Но где-то в душе я знал, что если задержусь в этом образе, если поверю, что сила – это гнев, а власть – это громкий голос, – я не сниму этот костюм никогда.
Он сядет плотно. Как вторая кожа. Как наследство.
Глава 9.
Это случилось весной. На улице уже таял снег, асфальт был в лужах, и воздух пах чем-то обнажённым, незащищённым. Я шёл домой после тренировки, с рюкзаком за спиной, в голове – тишина. Бывает такое состояние, когда не радость и не тревога, просто равнодушие ко всему. Как будто внутри выключили звук.
Поднялся на этаж, вставил ключ в замок – и… он не повернулся.
Сломан. Или, может быть, с той стороны вставлен другой ключ. Я подёргал ручку. Постучал.
– Мам? Это я!
Тишина. Я знал, что она дома. Знал, что должна быть.

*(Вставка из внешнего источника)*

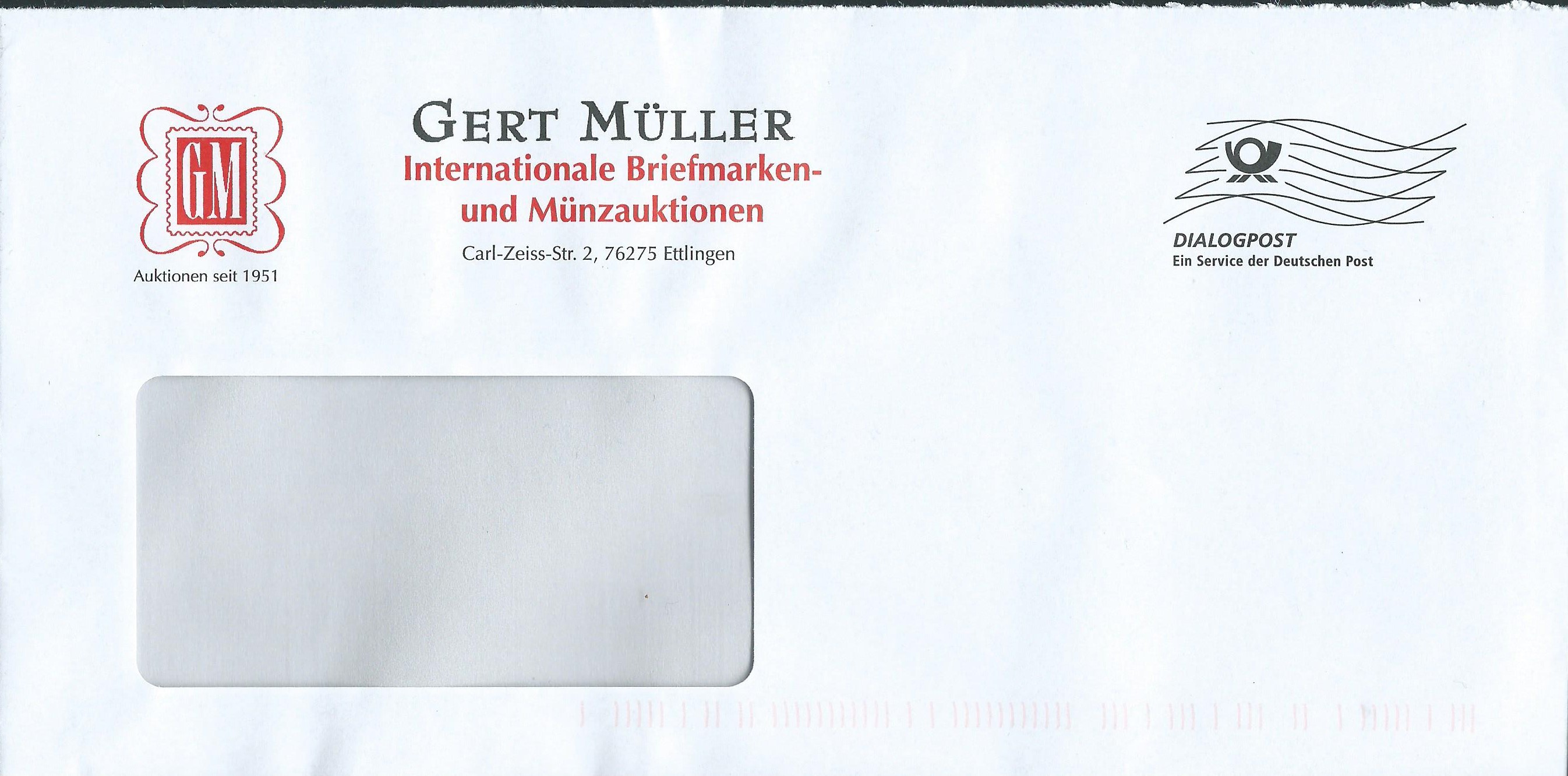 heute frisch aus dem eigenen Briefkasten gezogen: Dialogpost vom Auktionshaus Gert Müller. Hier auch wieder nur eine Frankierwelle mit dem mehr als bekannten Text:
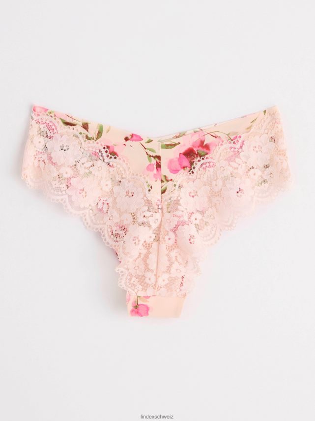 culotte brésilienne taille classique confortable avec un motif floral intégral et des détails en dentelle dans le dos.
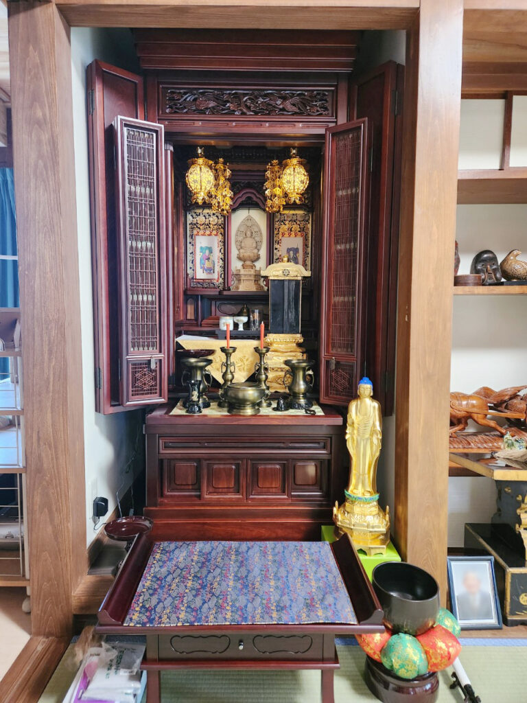 このたびは、当社のお仏壇修復についてお話をいただきありがとうございました。しかし、お仏壇の木地に傷みが見られたため、買い替えをご提案し、何度もご足労いただく形となりました。お位牌の大きさに合ったお仏壇をお探しの中で、鹿児島本店にございました商品をご契約くださいました。誠にありがとうございました。その後の仏間工事においても、大工さんと打ち合わせを重ね、おかげさまで無事に美しく納品させていただくことができました。今回の経験は、私自身にとっても初めてのことが多く、大変勉強になりました。改めまして、心より感謝申し上げます。
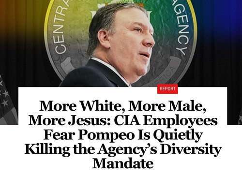 More White, More Male, More Jesus: CIA Employees Fear Pompeo Is Quietly Killing the Agency’s Diversity MandateInfiltrating Wyoming is at the heart of the CIA mission.CIA insiders worry reforms pushed by Brennan are languishing in his absence.
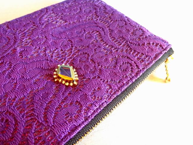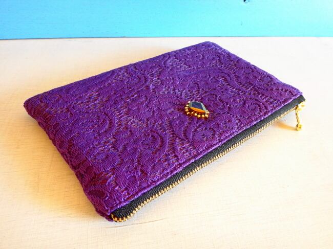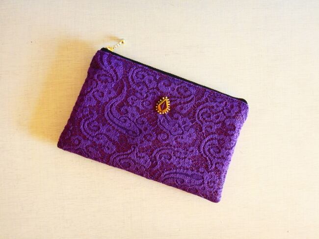 レース模様のぺたんこポーチ(葡萄no.1)
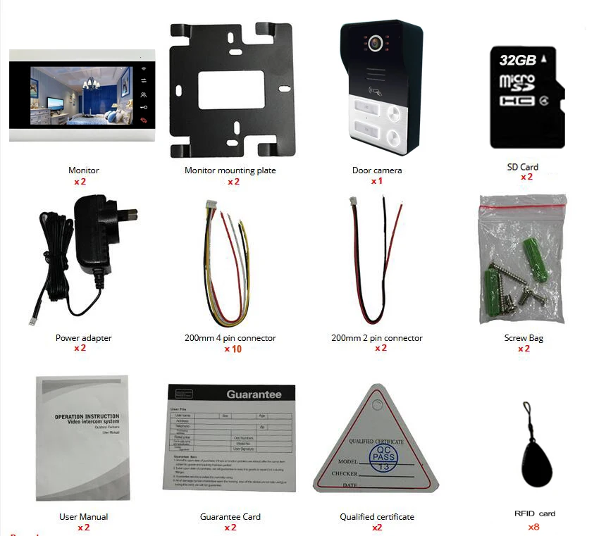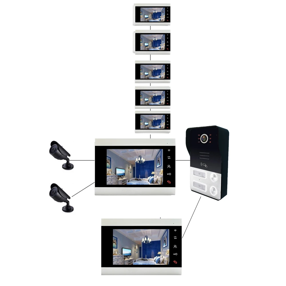 Поддержка нескольких систем:6 мониторов + 2 Дверных звонка + 2 камеры
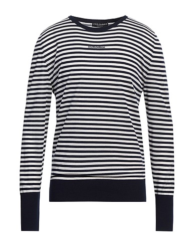 knitted, heavy-weight knit, embroidered logo, striped, crewneck, long sleeves, dry clean, do not bleach, do not tumble dry, this brand runs large
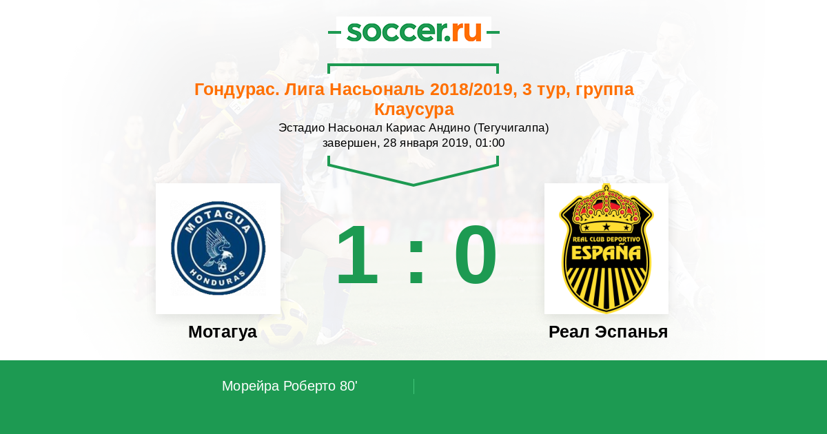 Гондурас. Лига Насьональ 13.08.2018 Мотагуа Логотип футбольный клуб Мотагуа (Тегусигальпа) 1:0 Логотип футбольный клуб Реал Эспанья (Сан-Педро-Сула) Реал Эспанья
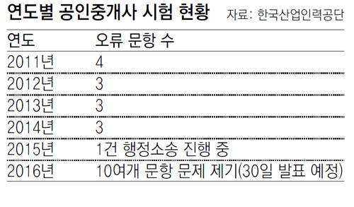 15일 부동산업계에 따르면 공인중개사 자격시험은 2004년부터 지난해까지 두 해(2007, 2015년)를 제외하고 매년 문제에서 오류가 발견돼 해당 문항의 정답을 정정하고 합격자를 다시 공고하는 혼란을 빚어왔다. 지난해에는 산업인력공단이 문제에 아무런 오류가 없다고 결론을 내렸지만 이에 불복한 일부 수험생이 청구한 행정소송이 현재 진행 중이다.
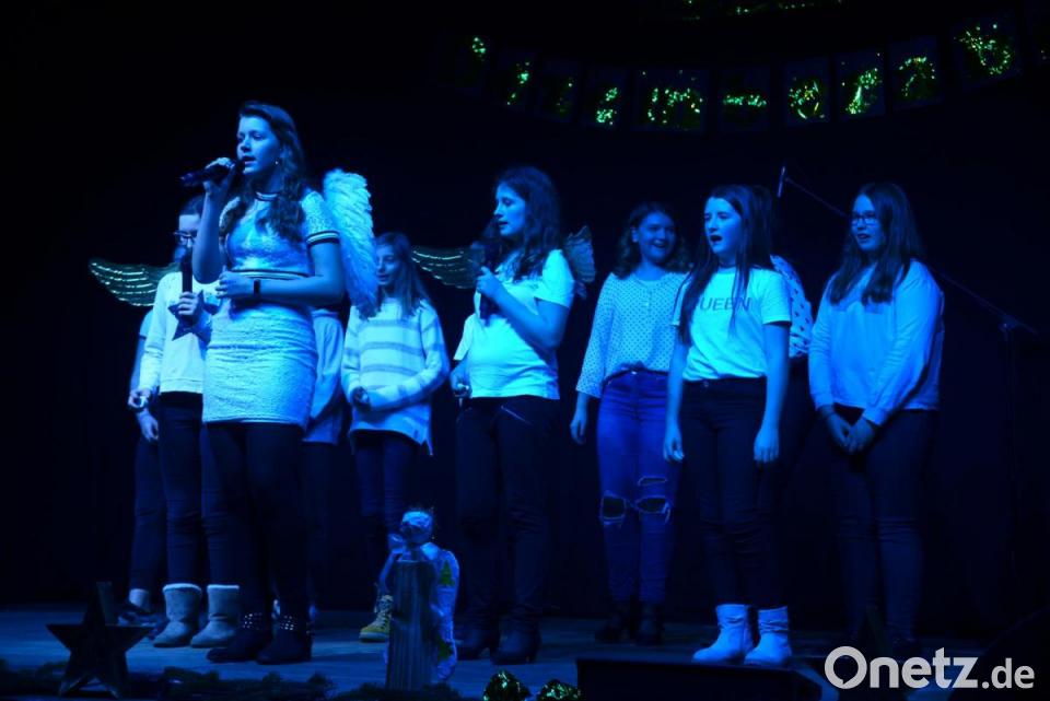 Dann wurde es rhythmisch auf der Bühne: Die Fünft- bis Neuntklässler zeigten ihren „Christmas-Dance“. Wunderbar, vielleicht etwas nachdenklich die musikalisch erzählte Geschichte der vierten Klasse von den „Sechs Weihnachtsbäumen“. Weil einer recht schief gewachsen war, wollte ihn niemand. Nur ein kleiner Mann, körperlich auch angeschlagen, nahm ihn mit nach Hause.
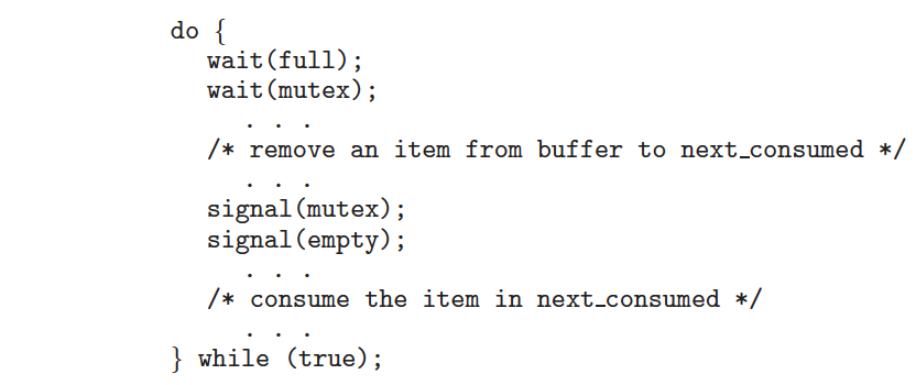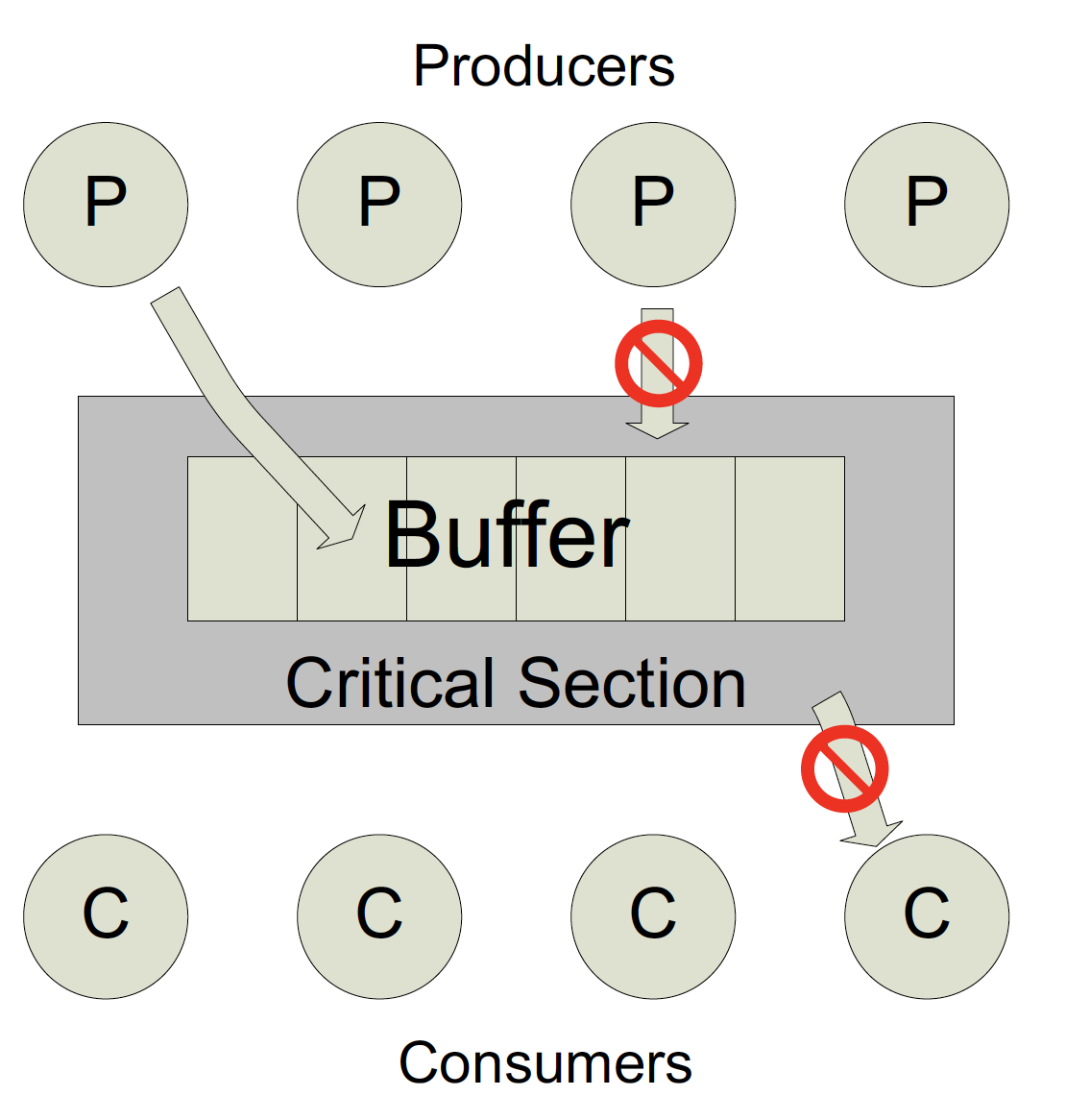이 문제는 N개의 버퍼에 여러 생산자와 여러 소비자가 접근할 때 발생하는 문제이다. 여기에서 생산자(producer)는 하나의 아이템을 생산해 버퍼에 저장하는 역할을 하며, 동작 조건은 버퍼 내에 저장할 공간이 있어야 한다는 것이다. 반대로 소비자(consumer)는 버퍼에서 하나의 아이템을 가져오는 역할을 하며, 동작 조건은 버퍼 내에 소비할 아이템이 있어야 한다는 것이다. 생산자와 소비자가 충돌 없이 버퍼를 접근할 수 있도록 버퍼는 임계 영역(critical section)이어야 한다.
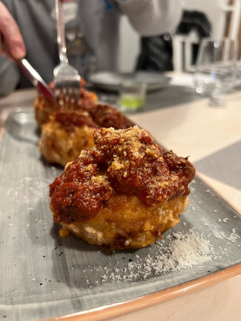 Spazio alla creatività mista alla cucina nel finale: montanara di Polpo alla Luciana e cannoncini dolci con la pasta della pizza.
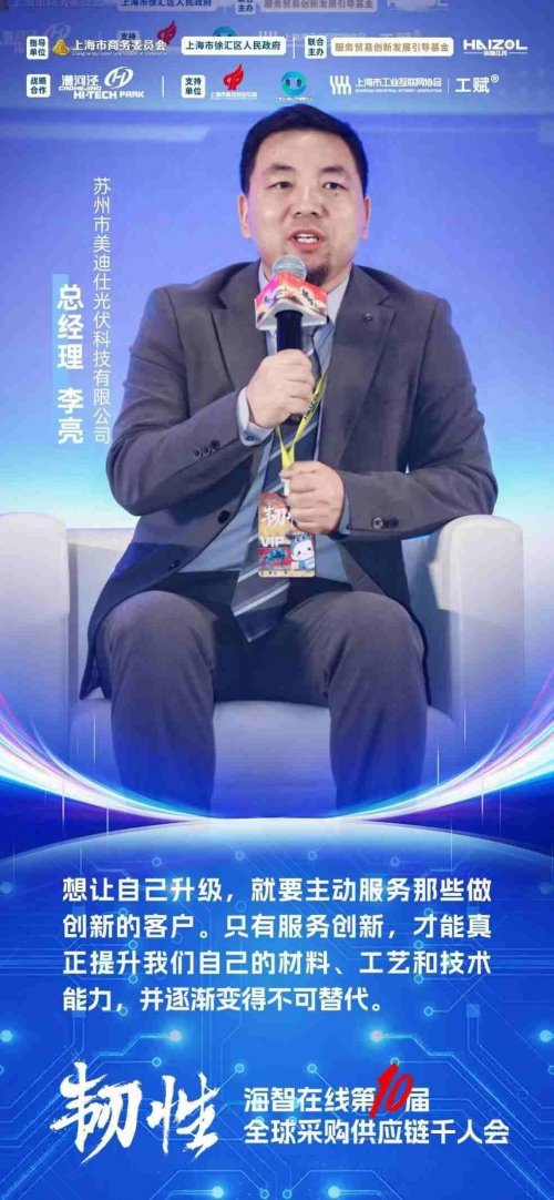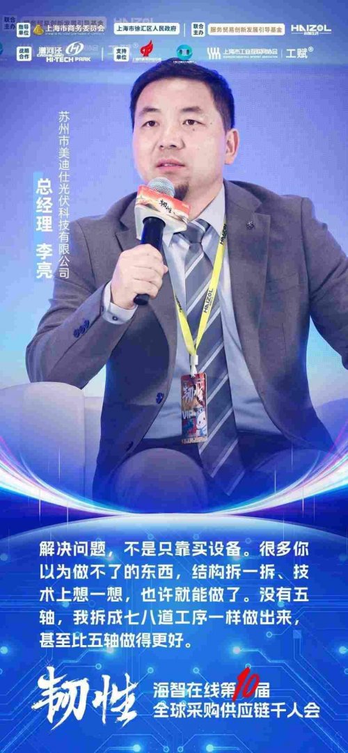 苏州市美迪仕光伏科技有限公司总经理李亮分享了创业初期,他在缺乏五轴设备的情况下,通过七八道工序拆分啃下高难度零件,从而成功绑定头部扫地机器人企业的经历。他指出,决定工厂能否进入新行业的,从来不是设备,而是工艺创新、问题理解与持续迭代能力。从材料、耐磨性到快充技术等方面,他始终沿着客户创新的方向同步升级能力,从普通供应商成长为深度参与产品迭代的战略伙伴。
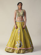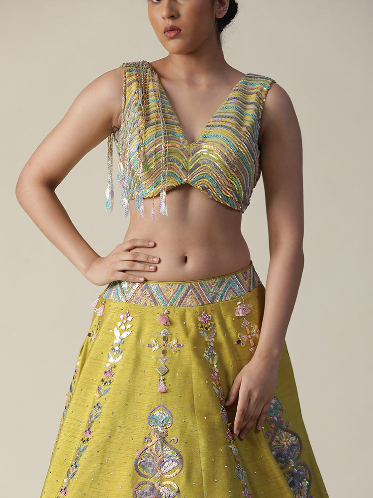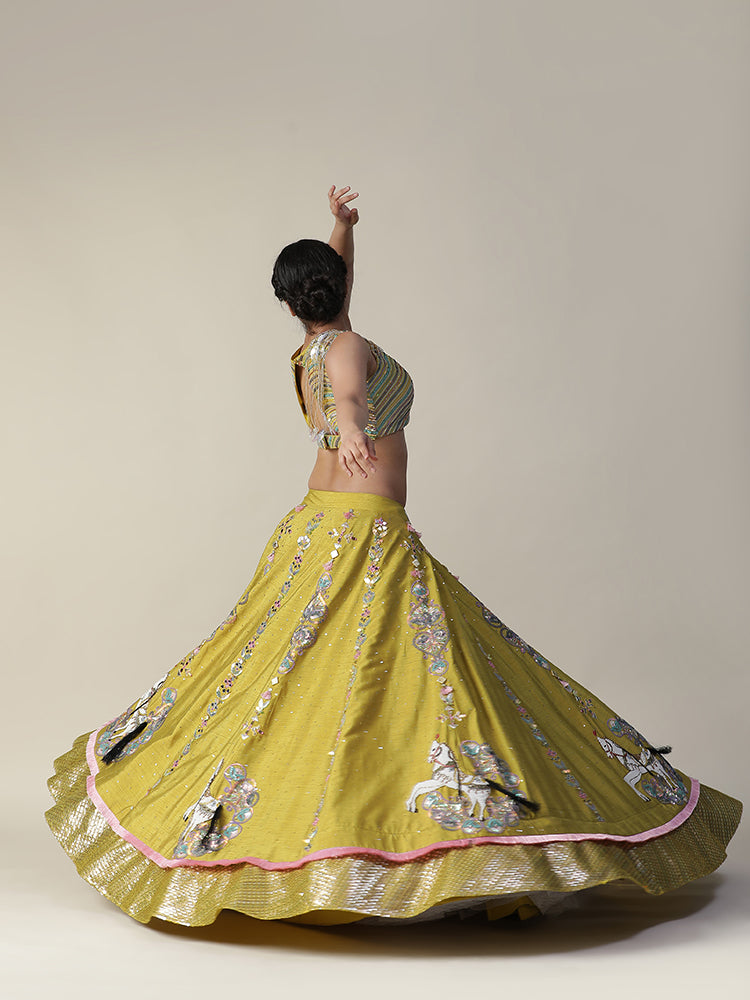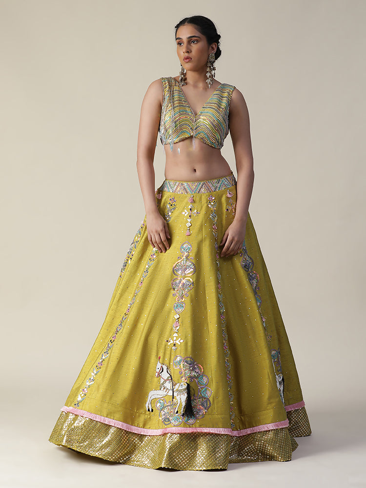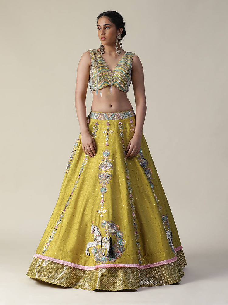 Description: Featuring our yellow raw silk heavy embroidered lehenga set. The lehenga comes with beautiful beaded horse motif, where the kali's are embroidered using sequin, mirrors, tassels and leather patches.The blouse is embellished using sequins with beaded fringe on the shoulder. And a net dupatta with mirror motifs and cutwork at edges with sequin work.
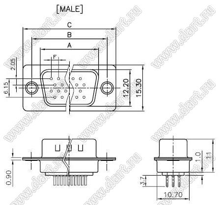 Каталог > Электронные компоненты, радиодетали > Разъёмы (соединители, переходники) > Разъемы D-SUB > DS1077-xxX (5512-xxX, DHB-xxX) серия: вилки и розетки D-SUB прямые "высокой плотности" для пайки в плату > DS1077-78MU0N-4 (5512-78PA-01-BRJ-BU, DHB-78M)
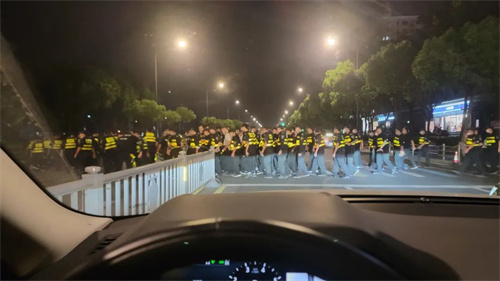 有網(wǎng)友拍下自己深夜離開時(shí) 遇到的安保大隊(duì) 浩浩蕩蕩的隊(duì)伍頗為震撼 讓對(duì)方不禁感嘆 在大家放心買買買的背后 是惠山一群人的堅(jiān)守
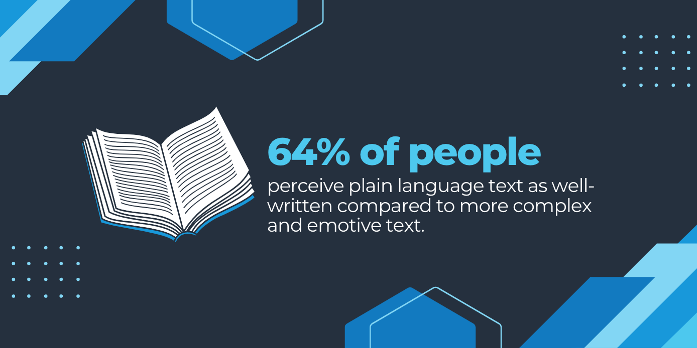It focuses on simple vocabulary, short sentences, and removing jargon or emotive language so that people of all communication styles can see the core message immediately. This could have significant effects when it comes to cutting out misunderstanding: in a study, 64% of readers perceived plain language text as well-written compared to more complex and emotive text.
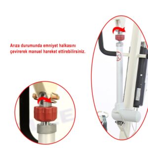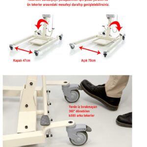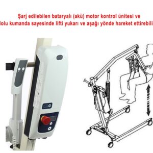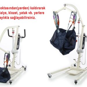Ürün Açıklaması ve Kullanım Alanı: Fırın boya çellik şaseden imal edilmiştir. Motor kontrollü hasta kaldırıp – indirme özelliği. Şarj edelibilir bataryası sayesinde kablosuz kullanım. Transfer zorluğu yaşayan engelli, yaşlı, kilolu ve yatalak hastaların yataktan alınması, tekerlekli sandalye veya başka bir yere transferin kolaylık sağlar. Demonte özelliği ile yer kaplamaz. İç ve dış mekânda kullanılabilir.

– Мама! – стукнул сильнее.
Снова ничего. Тогда я спустился, сел на ступеньку и стал ждать. Минут через двадцать появилась Инна Ивановна – соседка с первого. С пирогом и вопросами в глазах.
– Ты чего тут?
– Дом не открывается. Что-то с замком.
Она подняла брови, посмотрела на дверь.
– А отец?
– Его нет.
– А мама?
– Дома. Наверное.
Она замялась, потом постучала сама – тихо, почти извиняясь.
Дверь всё же открылась. Щёлкнула осторожно. Мама выглянула в проём. Улыбка у неё была вымученная, как будто её нарисовали на лице.
– Замок заело, – сказала она. – Сейчас, сынок.
Пустила меня внутрь. Я вошёл. Снял куртку. Посмотрел на неё.
Что-то не так.
– Всё нормально?
– Да, конечно. Просто… устала.
На кухне стояла пустая бутылка. В комнате – папина куртка. А в маминой руке – тональный крем. Свежий. С резким запахом.
– Он приходил?
Мама кивнула.
– Но уже ушёл.
– Почему ты меня не впустила?
Она опустила глаза.
– Я испугалась, что это снова он. Я не подумала…
Я сел за стол. Смотрел в пустую чашку. И чувствовал, как во мне опять шевелится ярость. Не огонь – нет. Это уже было что-то другое. Как лёд. Как острое, прозрачное лезвие.
– Ты испугалась меня. Ты думала, что я – он.
Молчание.
– Скажи честно.
Она сжала пальцы на чашке.
– На долю секунды – да. Я услышала, как ты дёргаешь ручку, и… сердце оборвалось. Потому что не знала, кого жду. А потом стало стыдно.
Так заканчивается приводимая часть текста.